My hair color has never been an area of distress in my assessment of my appearance. In fact, I haven’t really ever had any hang-ups about the way I look, at least until this guy rolled around. He claims now that it doesn’t matter, and yet, when he’s talking about a girl he thinks is good-looking, or thought was good-looking in the past or whatever, the issue of how dark her hair was always seems to come up in the same way that a normal guy might mention a woman’s legs.

I find myself staring at my stupid light hair in the mirror, once rather content with its warm California glow and they way it looked as though it was on fire when the sun hit it. Now all I see is that it’s not brown — even its underbelly, and even when I squint.

I know this isn’t his fault. But I guess my question is: How much does a physical ideal matter? Does everyone have one, and if so, how often do the people you wind up with actually fit it? I should mention that until relatively recently, he was in an extremely long-term relationship with a girl who matched his “ideal” to a T. But he broke up with her. Then again, he’s also mentioned he’s mildly attracted to his cousin. What the hell is going on?

Blonde and Bitter

Dear Blonde and Bitter,



It has been suggested that a preference for a body type is a taboo; this means it has great power. If it is taboo, then it has great power. That is where we store the things with great power: in the taboo box. Because the taboo box is strong. And we let taboos out only on holidays.

So you come sheepishly, and I say, No, no, don’t be sheepish, I know exactly what you’re talking about. Of course you’re uncomfortable with this!

It is like the Internet is making arranged marriages. (You wonder: Does a kid, facing an arranged marriage, say to the arrangers: “Sorry, I only get off on blondes with nose rings!”?) Visually unsuitable partners are put together who never would have cast eyes at each other before — because they didn’t cast eyes at each other in time to look away and move on.

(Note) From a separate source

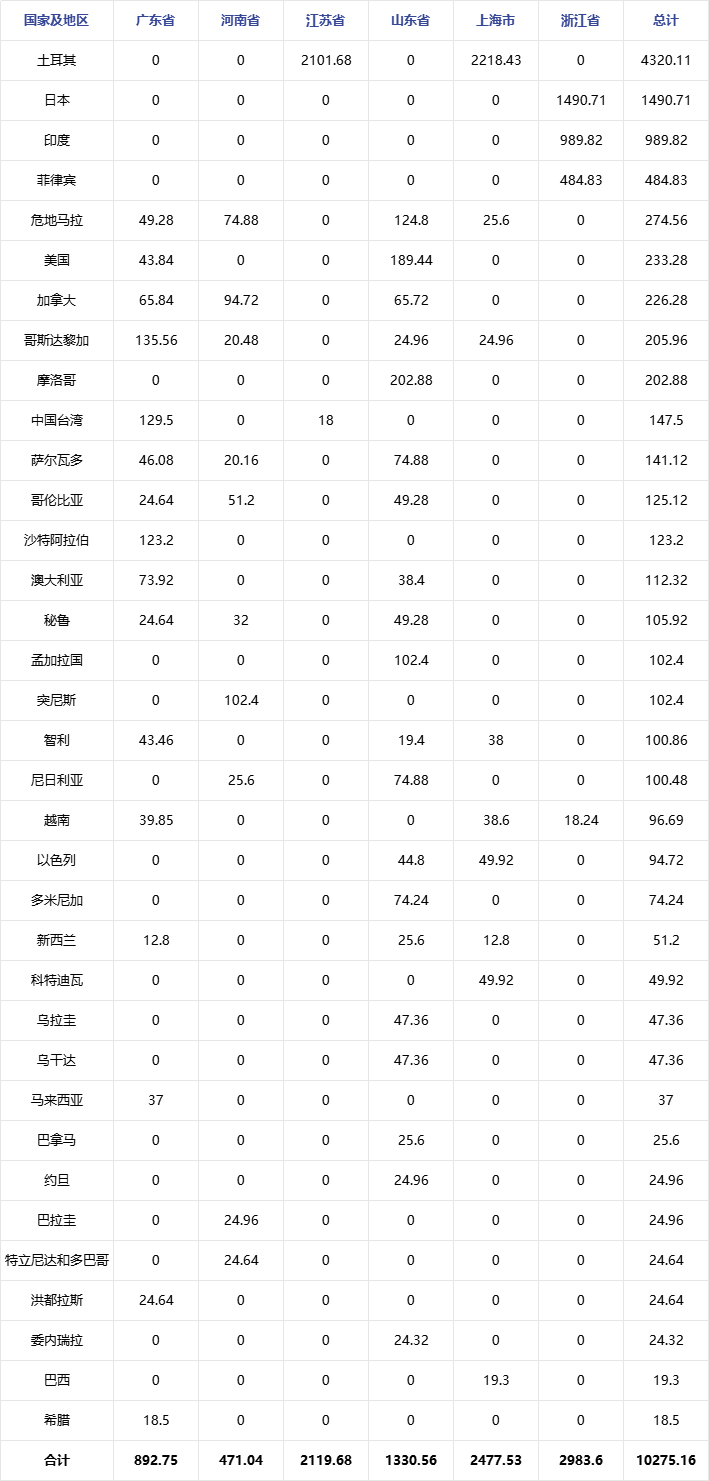通过上表数据能够看出,10月份出口至土耳其的量正在4320。11吨,此中江苏省出口2101。68吨,上海市出口2218。43吨。

I like to try new things. It means that often I do not finish old things. I have another thing wrong with me, too. Sometimes I don’t like to try new things. I stick to the old thing. So on the one hand I like new things and on the other hand I like to stick with things. I view everything as a character flaw. You’re supposed to get it that when I say the sky is falling, I don’t mean literally. I mean it just seems that way most of the time, and we chuckle about it.

Meaning what? As to the blondeness and the fetish?

Your saying that it eats at you eats at me. I think because it’s so elemental. We’re in a savage state here. We’re operating in a primitive way, in the realm of taboo and urge. We are consuming and being consumed; things are eating at us.

Do you like the new style? (Said with a flip of the head. I was reading Fence, and it was like a permission slip.)

Permission to speak frankly, sir?
Permission granted!
May I lie down, sir?
No, but you may assume an oblique position!

This is written just upon arising. That may be another reason. The stress, you know, of large sums of money. Yesterday was Many Forms Day, like going into the Army. We made tea with tea bags and tried not to laugh.

So today is a new day, many dollars shorter. Try not to laugh.

So I’m boring you and holding you captive. You really have things to do. So let me read your letter again now and see what we can do:

OK. Upon rereading, my favorite part is where he says he’s mildly attracted to his cousin.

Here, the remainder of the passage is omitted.